When we get back to Pat’s, he stops the car, giving me a look. “Five minutes, okay?”
I nod, getting out and carrying the album to the front door. She opens the door with a leery look on her face. “You was gone when I got up. Ya been gone the whole day. I thought we was gonna spend time together.”
I nod. “Sorry. I had to see something.” She glances past me to the man in the car. I lift the photo album to block her view. “I have something I need you to see and that I need you to know.” She looks confused but opens the door wider so we can both walk in. I sit down on the floral couch and brace myself for the very real possibility she is going to tell me I am insane.
I flip to the start of the book. “Six years ago I ran away with a man named Benjamin. He was the first person I think I ever loved.”
She scowls at the photos. “I never heard of him.”

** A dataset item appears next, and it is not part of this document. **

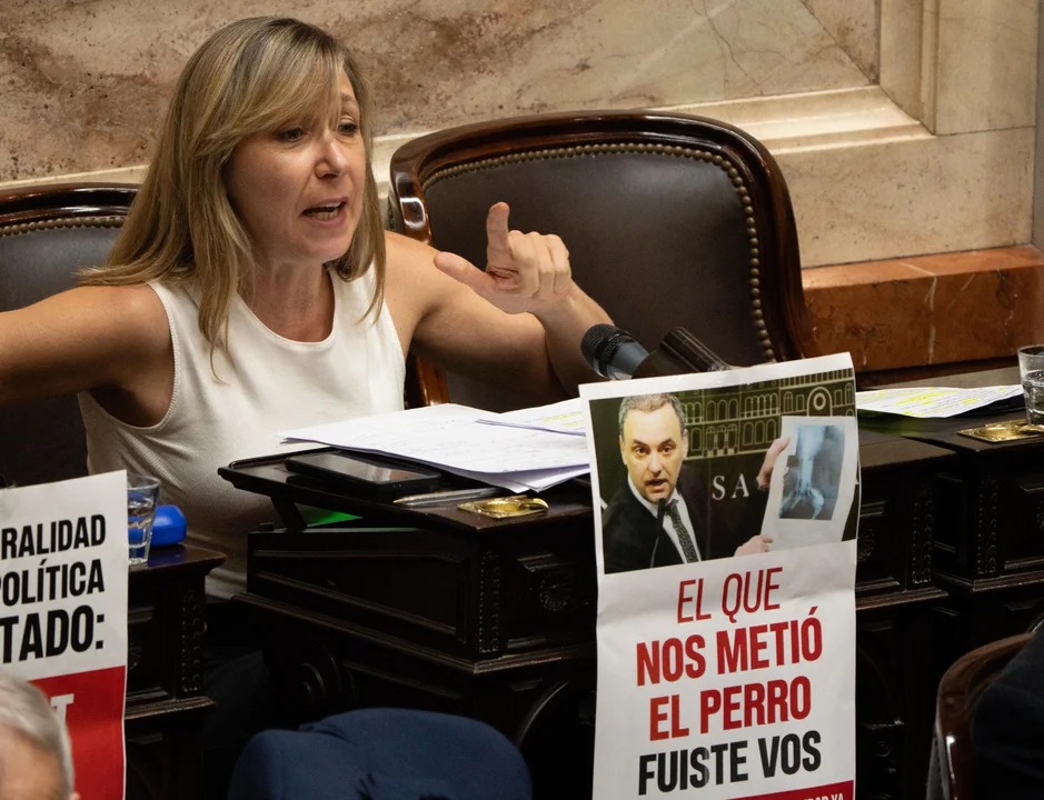 Por último, se refirió al cartel que ella misma cogló en su banca y que le pidieron en el Congreso que lo quite debido a que “se puede dañar en mármol”: “No sé si el de la pared o el de la cara de Adorni”, concluyó.

“I kept him secret. We traveled for three years, and I spent every waking moment trying to outrun my father and the things he did after Mom died.”
She swallows hard, shuddering a little. I know that feeling well.
“I went everywhere and did everything I could to be rid of it all, but it didn’t work.” I flip pages until I get to the depressed pages. She points at the one of me looking particularly horrid. “That’s how your momma looked when she died.”
I nod, not even a little suspicious about how that happened. “Well, I was done. I needed a new life. So I had an operation to make me forget everything. When I woke, I was told I was in an accident. I was told I was a victim of amnesia. I was convinced my life was perfect before the car accident. I had a great man who cared for me and a cat named Binx.”
The name of the cat makes her cry as she nods. “That makes sense.”
I turn to her as tears start to roll down my cheeks. “I need to go back to that place. That beautiful oblivion that sits there waiting for me. The innocence of my mind and creation of my new past is the only thing that’s going to save me.”
Tears roll from her oddly colored eyes, looking similar to mine, I imagine. She sniffles, sucking her trembling breaths momentarily before nodding again. “I don’t blame you at all. If I could have taken it all away I woulda. I woulda done anything. I woulda walked through fire to make it go away. I didn’t know what was happening until the school called the social workers for help. I just didn’t know.” She lifts my hand to her lips and kisses, closing her eyes and gripping me. “Is there a world where I won’t remind you of him, or do I have to stay here in this world?”
I nod. “I think so. But you gotta leave this all behind. You must come with us, not tell anyone where you’re going and not be in communication with anyone. Can you do that?”
“I can.”
I wrap my arms around her, gripping her. “You are going to have to trust Benjamin Dash. Whatever he says is how it goes. He knows how to do this. He’s the person I trusted last time with my memory erasing.”
She sniffles and smiles, leaning into me more. “I will do whatever it takes. I don’t want to lose you again, Sam.”
The name makes me feel dirty. “Jane. I like Jane.”
“Jane it is.”
“We’re going to bring you with us this time. Pack your things, Aunty. You won’t be able to bring much, just the basics.” I kiss her cheek and get up, leaving her there. When I look back I try to be as upbeat as I can. “I’ll send him to come and get you. He uses the name Derek since we ran away.”
She smiles nicely. “I’ll be ready when he comes.”